Life-saving training: BYU tsunami education in Indonesia

With recent hurricanes and specifically the tsunami in Palu, Indonesia, we’re reminded yet again of the devastating impact that natural disasters have on individuals and families across the world.

BYU Geography professor Chad Emmett is taking action to make sure that no matter how devastating earthquakes and tsunamis can be, lives do not have to be lost in the process.

Evaluate (and recognize) regional risk

Indonesia is at a high risk of earthquakes and tsunamis because of its location on the Ring of Fire where several tectonic plates collide. Add this risk to limited infrastructure and a lack of uniform tsunami education and evacuation plans, and the potential damage is astronomical.

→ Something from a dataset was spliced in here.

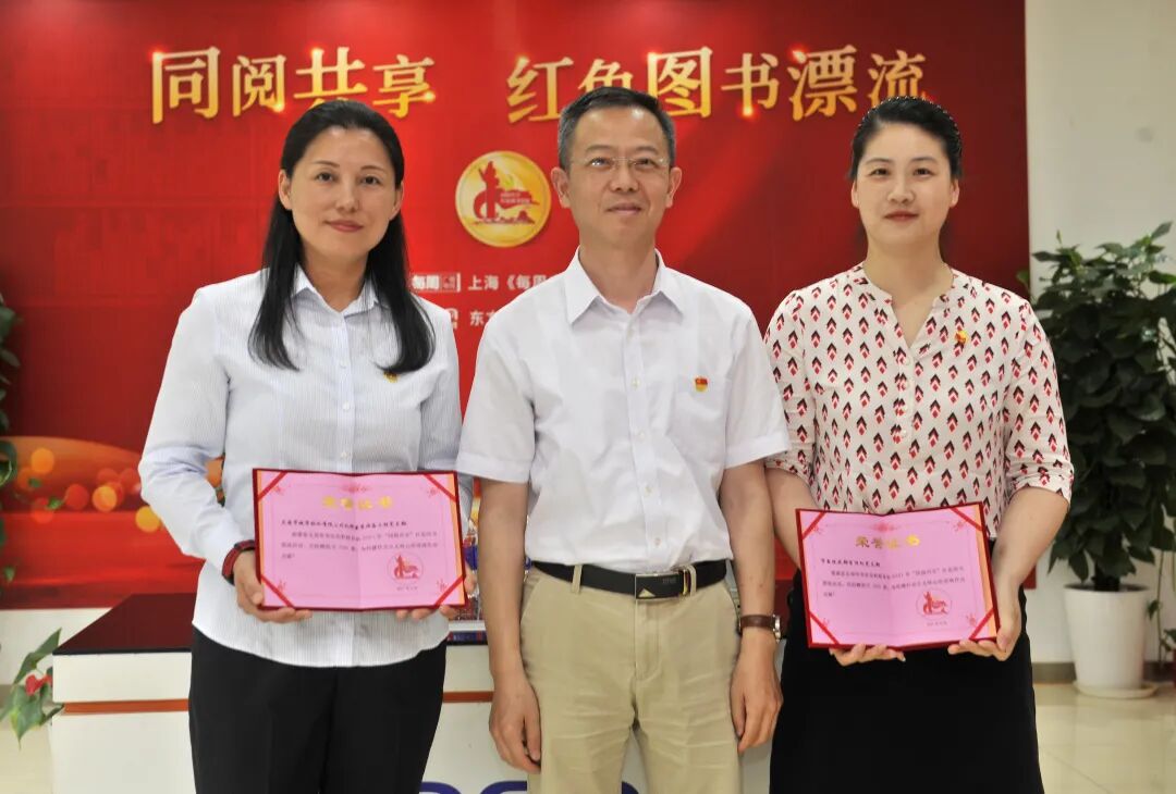 仪式上,首批参与捐赠图书的党支部,上海市委统战部宣传处党支部代表贺梦楚,和上海市城市排水有限公司机修安装设备工程党支部书记陶蓓,分别向主办方每周报社和东方有线捐赠红色书籍。徐俊亮为两家捐书单位颁发了捐赠证书。
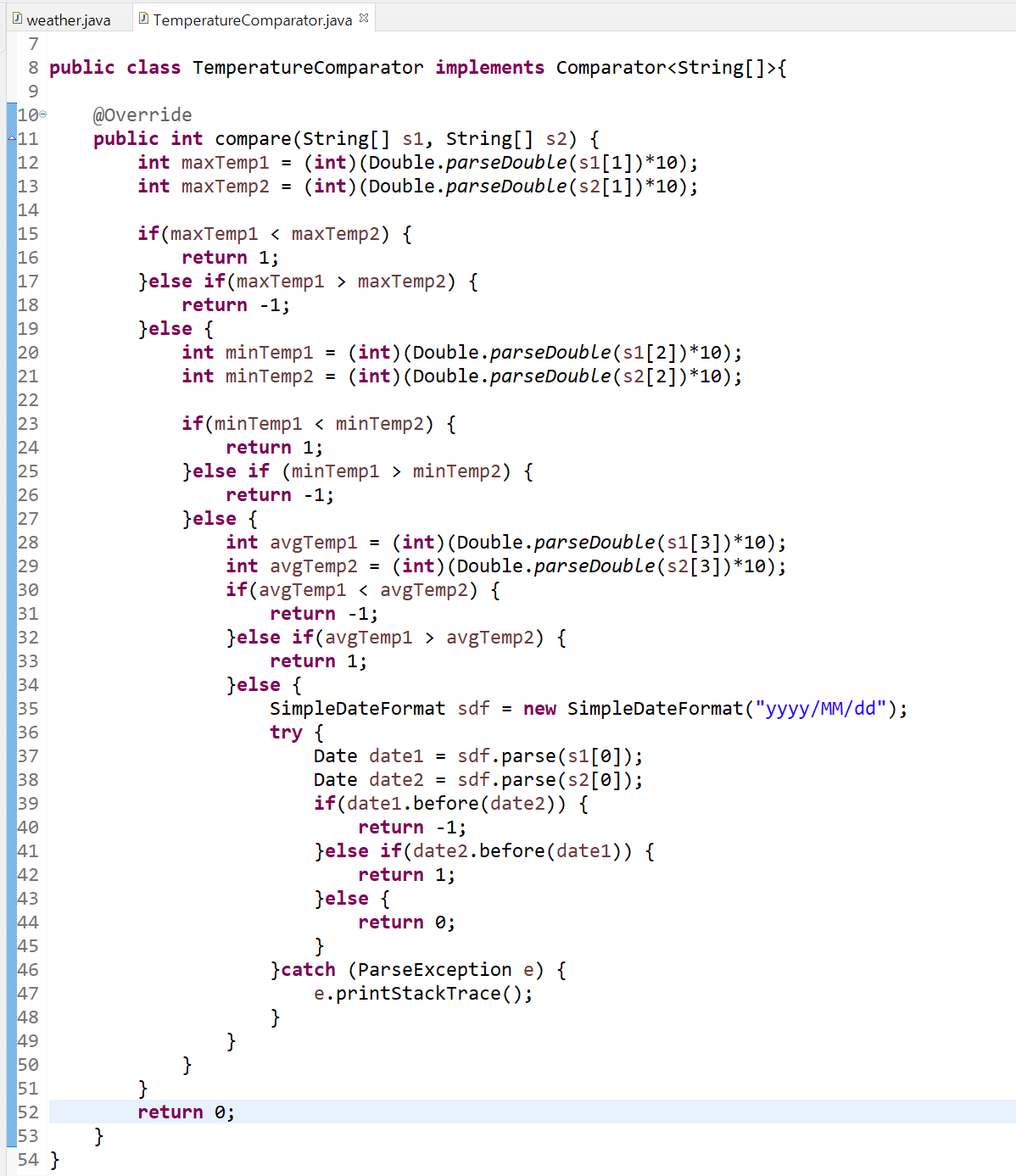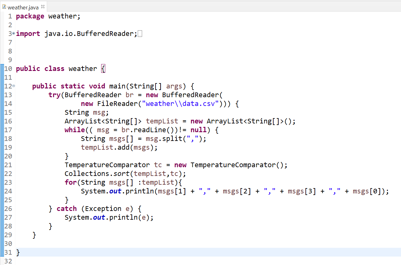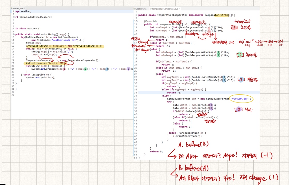 로드하는 파일은 data.csv이며 정렬 순서 구분을 하기 위해 Temperature Comparator 클래스 정렬을 사용합니다.

Since the 2004 Aceh tsunami, national and local disaster mitigation agencies across the Southeast Asia country have worked to better prepare Indonesians against tsunami risk by putting up evacuation signs, designating gathering places, building tsunami evacuation buildings, offering training and holding evacuation drills. What hasn’t been done, however, is emphasizing the need for individuals to know the signs of tsunamis and the need for individuals to act on their own to save their lives.

tsunami signs
Evacuation signs point the way to landmarks that are high enough in elevation to be safe from tsunamis.

“The tsunami monitors and sirens did not work in Palu,” notes Emmett in regards to the catastrophic aftermath of the recent tsunami. “At the first shaking of the earth, people should have instinctively headed to higher ground.”

Emmett has been involved in research in Indonesia over the past 18 years. While the majority of his studies focus on Christian-Muslim relations and the history of The Church of Jesus Christ of Latter-day Saints in Indonesia, more recently Emmett has worked with BYU Geology professor Ron Harris to collaborate on an interdisciplinary study looking at tsunami mitigation and training efforts in the country.

Educating for a better-prepared future

During the summers of 2016 and 2017, Emmett and a group of BYU and UVU students and faculty (funded by Geoscientists without Borders) traveled the more than 9,000 miles to Indonesia to perform critical research and carry out essential education in regards to tsunamis.